> The input:
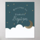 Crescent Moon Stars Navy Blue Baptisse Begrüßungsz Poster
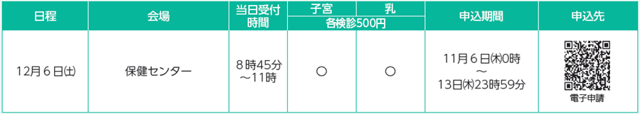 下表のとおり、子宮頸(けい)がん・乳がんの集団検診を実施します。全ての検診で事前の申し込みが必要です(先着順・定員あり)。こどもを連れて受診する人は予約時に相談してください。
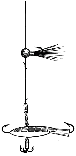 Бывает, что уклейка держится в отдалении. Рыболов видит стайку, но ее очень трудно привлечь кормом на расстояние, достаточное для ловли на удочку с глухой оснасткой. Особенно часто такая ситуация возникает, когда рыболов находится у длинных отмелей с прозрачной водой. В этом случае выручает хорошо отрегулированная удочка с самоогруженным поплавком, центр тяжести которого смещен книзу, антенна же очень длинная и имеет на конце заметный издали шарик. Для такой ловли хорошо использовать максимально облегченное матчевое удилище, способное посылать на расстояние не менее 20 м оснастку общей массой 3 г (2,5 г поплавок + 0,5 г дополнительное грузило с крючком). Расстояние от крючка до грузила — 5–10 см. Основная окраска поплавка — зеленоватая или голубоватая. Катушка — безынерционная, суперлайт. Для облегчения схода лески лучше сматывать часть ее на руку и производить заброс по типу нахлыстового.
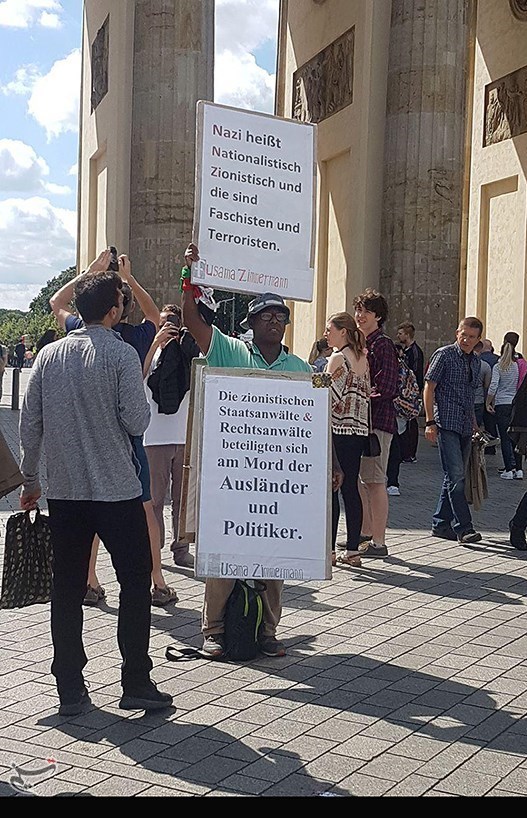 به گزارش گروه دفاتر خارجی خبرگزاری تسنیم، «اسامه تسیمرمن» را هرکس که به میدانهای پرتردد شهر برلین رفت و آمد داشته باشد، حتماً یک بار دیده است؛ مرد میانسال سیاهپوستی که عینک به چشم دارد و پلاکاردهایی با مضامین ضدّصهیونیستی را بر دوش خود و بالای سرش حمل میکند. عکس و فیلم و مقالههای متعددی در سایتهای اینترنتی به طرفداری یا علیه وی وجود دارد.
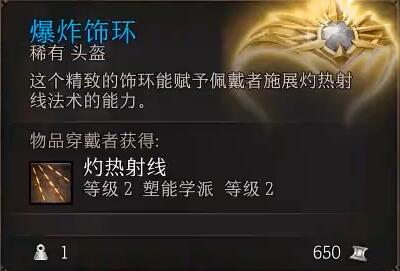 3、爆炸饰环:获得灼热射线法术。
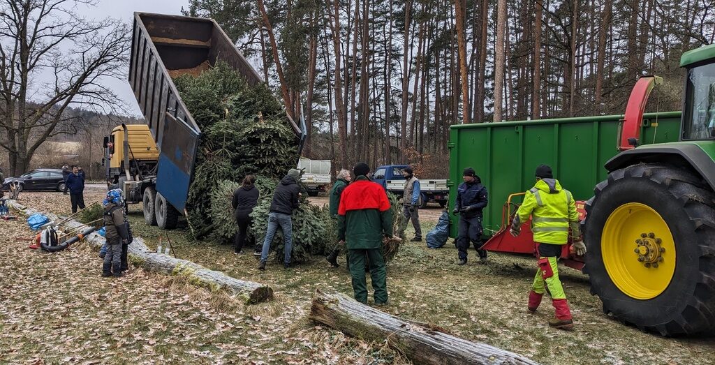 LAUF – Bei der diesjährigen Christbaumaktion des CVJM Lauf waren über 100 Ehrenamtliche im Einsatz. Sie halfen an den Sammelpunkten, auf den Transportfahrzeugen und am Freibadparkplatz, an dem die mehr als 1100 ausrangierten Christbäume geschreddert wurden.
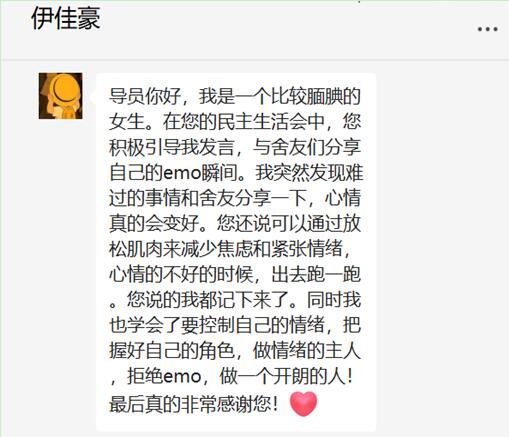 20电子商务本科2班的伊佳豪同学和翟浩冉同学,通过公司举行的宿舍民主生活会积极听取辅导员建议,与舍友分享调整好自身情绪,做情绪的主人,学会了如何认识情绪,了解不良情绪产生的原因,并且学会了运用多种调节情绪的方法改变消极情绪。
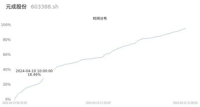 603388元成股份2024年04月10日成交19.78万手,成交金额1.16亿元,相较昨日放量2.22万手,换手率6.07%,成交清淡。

--

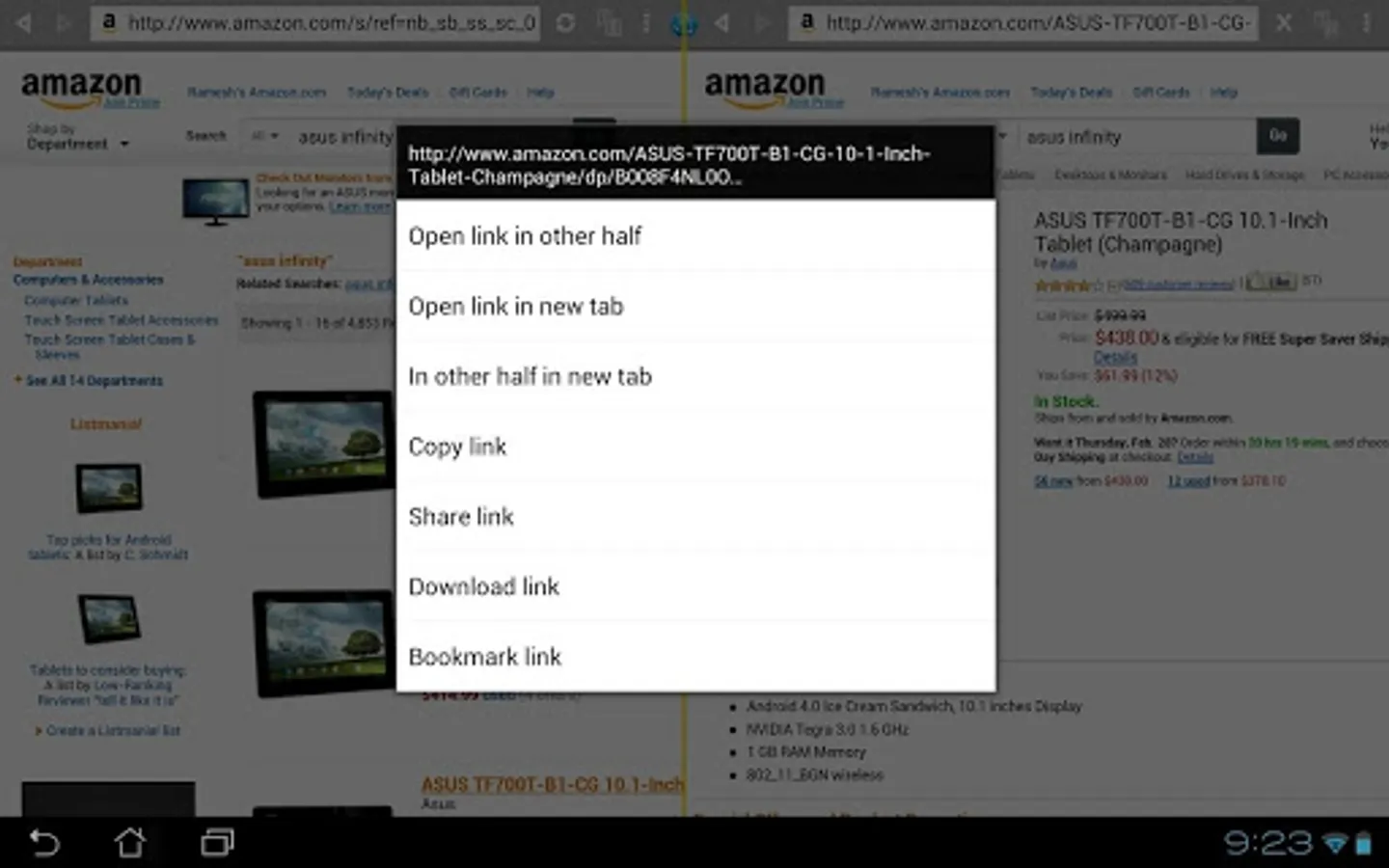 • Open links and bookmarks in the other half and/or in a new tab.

> How to complete this task:
Return, exactly as they stand, the lines above from the one with "Crescent Moon Stars" to the one with "下表のとおり、子宮頸(けい)", omitting any pictures among them.

> Your solution:
 Crescent Moon Stars Navy Blue Baptisse Begrüßungsz Poster
 下表のとおり、子宮頸(けい)がん・乳がんの集団検診を実施します。全ての検診で事前の申し込みが必要です(先着順・定員あり)。こどもを連れて受診する人は予約時に相談してください。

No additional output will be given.